Когда Лука инстинктивно отдернул руку, старик рассмеялся и вынул аксолотля, который так и льнул к его шершавой ладони, обвивая хвост вокруг большого пальца. Флегматичные глаза навыкате и широкая улыбка придавали амфибии мультяшный и малость придурковатый вид.
— Он что, улыбается?
— Он всегда улыбается. Безотказное лекарство от хандры. Но я его держу, конечно, не только за этим.
— А зачем?
— Он — уникум. Настоящая загадка. В живой природе аксолотли обитают в единственном месте на планете — в озере Сочимилько. Вернее, обитали: озеро, из которого в древности ацтеки прокладывали оросительные каналы, давно обмелело. Аборигены в древности почитали аксолотлей за божество смерти и разрушения. Божественный статус, впрочем, никак не мешал ацтекам видеть в амфибиях изысканный деликатес. Сегодня мексиканских аксолотлей можно встретить только в аквариумах да в меню азиатских ресторанов.

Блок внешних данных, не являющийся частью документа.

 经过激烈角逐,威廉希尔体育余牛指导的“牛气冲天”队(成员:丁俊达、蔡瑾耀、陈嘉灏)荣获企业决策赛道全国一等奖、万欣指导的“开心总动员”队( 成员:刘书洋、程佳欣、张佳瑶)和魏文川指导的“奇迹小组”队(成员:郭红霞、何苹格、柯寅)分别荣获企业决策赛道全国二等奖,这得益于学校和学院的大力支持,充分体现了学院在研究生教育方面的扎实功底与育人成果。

— Ну и что же в нем удивительного? Обычный тритон, — хмыкнул Лука.
— Загвоздка в том, что аксолотль — не отдельный вид, а личинка амбистомы. Но в отличие, например, от головастика, который обречен в определенный срок стать неуклюжей лягушкой, аксолотль может не превращаться во взрослую особь. Прожить долгую жизнь и даже оставить потомство, так и не повзрослев. А раз он фактически так и остается зародышем, то сохраняет и потрясающие способности к регенерации: он может, к примеру, отрастить потерянную в битве с сородичем лапку или хвост. Или даже участок мозга.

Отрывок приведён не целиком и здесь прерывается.